WHAT STANDARDS ARE USED FOR ELECTRIC POWER GENERATION, TRANSMISSION AND DISTRIBUTION?

 flame resistant

OSHA’s Final Rule on Electrical Protective Equipment (OSHA 1910.269) prohibits clothing that, when exposed to flames or arcs, could increase the extent of wearer injury. Employers must determine appropriate clothing based on an evaluation of potential hazards in the work environment. Clothing made from flame-resistant materials is acceptable under the Rule, i.e., clothing that meets the requirements of ASTM F1506. Untreated cotton or wool fabrics weighing at least 11.0 oz. or heavier untreated cotton or wool fabrics are acceptable under limited conditions identified by OSHA. (1.)

(1.) Arc conditions in the Duke Power Company videotape, which was the primary basis for OSHA’s determination, were a 3800 ampere, 12 inch (approx) electric arc that was approximately 12 inches from the material. The arc lasted for 10 cycles or 0.167 seconds.

The National Electrical Safety Code (NESC®) is published by the IEEE. It sets the ground rules for practical safeguarding of persons during the installation, operation, or maintenance of electric supply and communication lines and associated equipment.

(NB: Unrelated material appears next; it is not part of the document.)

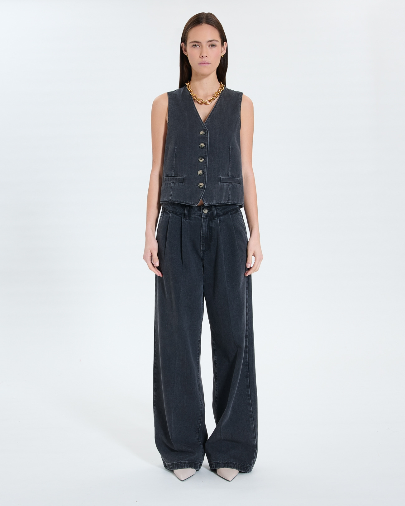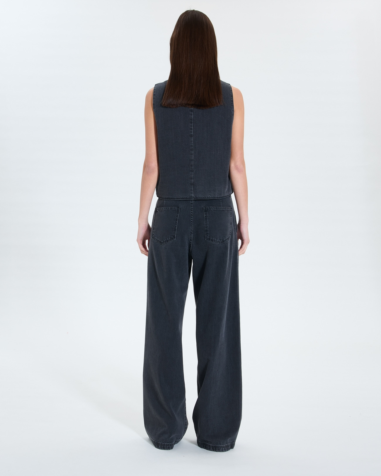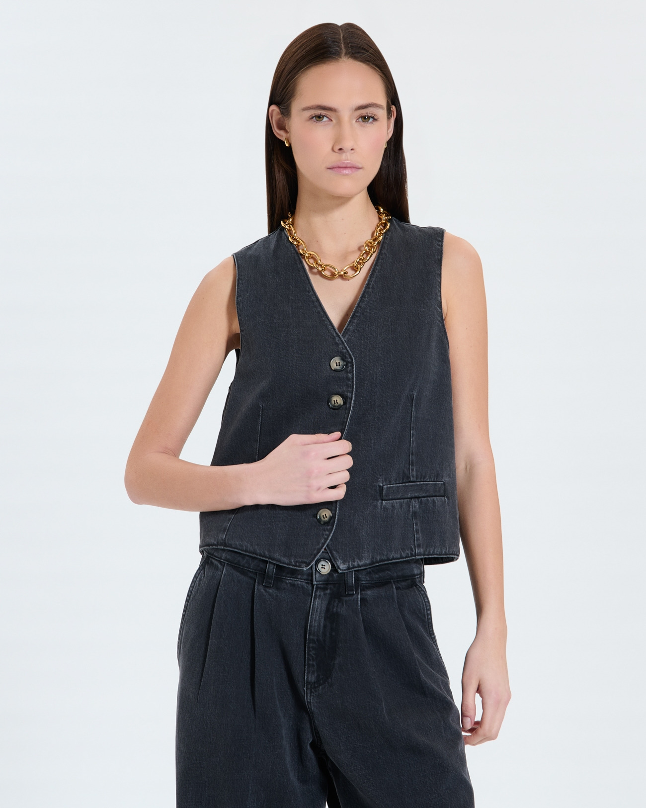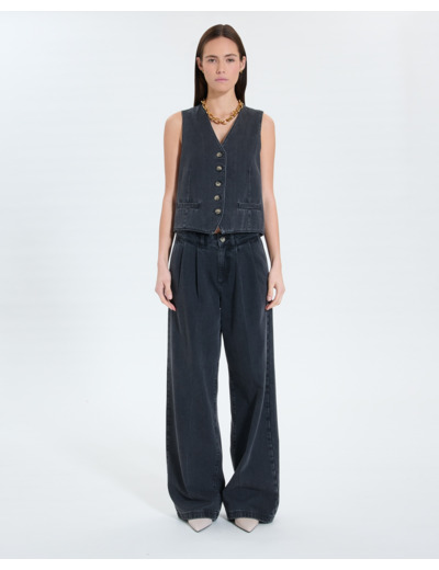 Affirmez votre style avec ce gilet sans manches en jean noir, une pièce incontournable pour un look à la fois moderne et audacieux. Sa coupe ajustée et son col V soulignent la silhouette avec élégance.

The NESC requires that the employer determine potential exposure to an electric arc for employees who work on or near energized parts or equipment operating at 50 volts or greater. If the exposure is greater than 2 cal/cm

 

2, employees are required to wear clothing with an arc rating not less than the anticipated level of arc energy as determined by completing a detailed arc hazard analysis or by using tabulated values found in table 410-1. Table 410-1 outlines equipment types, nominal voltage ranges and the arc thermal performance value (ATPV) cal/cm2, for clothing or clothing systems for employees working on or near energized lines, parts or equipment. Depending on the voltage, effective arc ratings can range from 4 calories to as much as 60 calories/cm2. Certain meltable fabrics are not allowed.

The NESC also contains requirements that risk factors such as equipment condition and work methods must be considered in implementation of an arc flash program and that a job briefing must be conducted by a first-level supervisor or person in charge.